Anda di halaman 1dari 8

Guru bertanggung jawab untuk membantu siswa mencapai tujuan pengajaran ditunjuk untuk

kelas mereka. Tujuan penilaian adalah untuk menentukan apakah siswa telah mencapai tujuan
ini. Tujuan harus diutamakan. Itu tidak pantas untuk buat tes terlebih dahulu dan kemudian pilih
tujuan instruksional yang cocok dengan tes.

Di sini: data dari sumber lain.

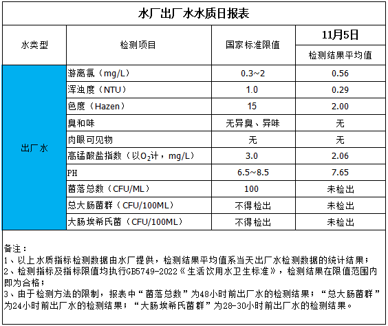 水廠出廠水水質(zhì)日?qǐng)?bào)表(2025-11-5)

Tujuan pengajaran dapat diamanatkan di sekolah negeri, distrik, atau individu tingkat. Mereka
mungkin formal, tujuan tertulis, yang ditunjuk oleh negara atau ditulis di tingkat distrik sekolah.
Atau, mereka dapat ditulis oleh guru, berdasarkan pengalaman, atau saran dan / atau harapan
dari sesama guru. Instruksional tujuan ada bahkan jika mereka hanya dalam pikiran guru dan
dapat disimpulkan apa yang diajarkan dan / atau apa yang dinilai. Apakah mereka ditulis secara
resmi atau tidak, itu benar lebih baik bagi guru untuk memikirkan tujuan mereka sebelum
mereka mulai mengajar atau melakukan penilaian

Evaluasi Formatif dan Summatif

Penilaian selalu digunakan untuk membuat keputusan. Jika tidak ada keputusan yang dibuat,
tidak penilaian harus dilakukan. Keputusan dapat berupa formatif atau sumatif. Contoh
keputusan sumatif adalah penilaian yang digunakan untuk menetapkan nilai, nilai penentuan
apakah seorang siswa akan dipromosikan atau dipertahankan, atau apakah seorang siswa harus
diterima atau ditolak oleh program pendidikan. Evaluasi formatif dapat dilakukan fokus individu
atau kelompok. Untuk individu, penekanannya biasanya pada akuisisi informasi diagnostik yang
akan digunakan untuk remediasi atau akselerasi akademik. Evaluasi formatif dapat fokus pada
seluruh kelas atau sebagian dari itu. Semacam ini evaluasi dapat mencakup keputusan tentang
tingkat konten yang disajikan atau apakah ada kebutuhan untuk mengulangi apa yang sudah
diajarkan.

Komitmen waktu

Pembangunan instrumen penilaian yang efektif dan valid membutuhkan perencanaan yang luas
dan persiapan. Ketika guru tidak mau mencurahkan waktu yang cukup untuk proses konstruksi
tes, tes yang tidak terencana seringkali hasilnya. Guru biasanya terbebani dengan tanggung
jawab dan mereka mungkin merasa bahwa mereka tidak punya cukup waktu untuk
merencanakan dan membuat alat penilaian yang valid, sambil terus mencapai segalanya
diharapkan dari mereka. Sayangnya, tidak ada cara untuk membuat tes yang bagus secara
terbatas jumlah waktu. Ada jalan pintas, tetapi mereka harus didekati dengan hati-hati. Tes yang
ada dapat didaur ulang, atau item tes yang disediakan oleh penerbit bahan pengajaran yang
disiapkan secara komersial dapat digunakan. Perawatan khusus perlu dilakukan diambil dengan
sumber item terakhir karena kualitasnya mungkin tidak cocok dengan bahan ajar.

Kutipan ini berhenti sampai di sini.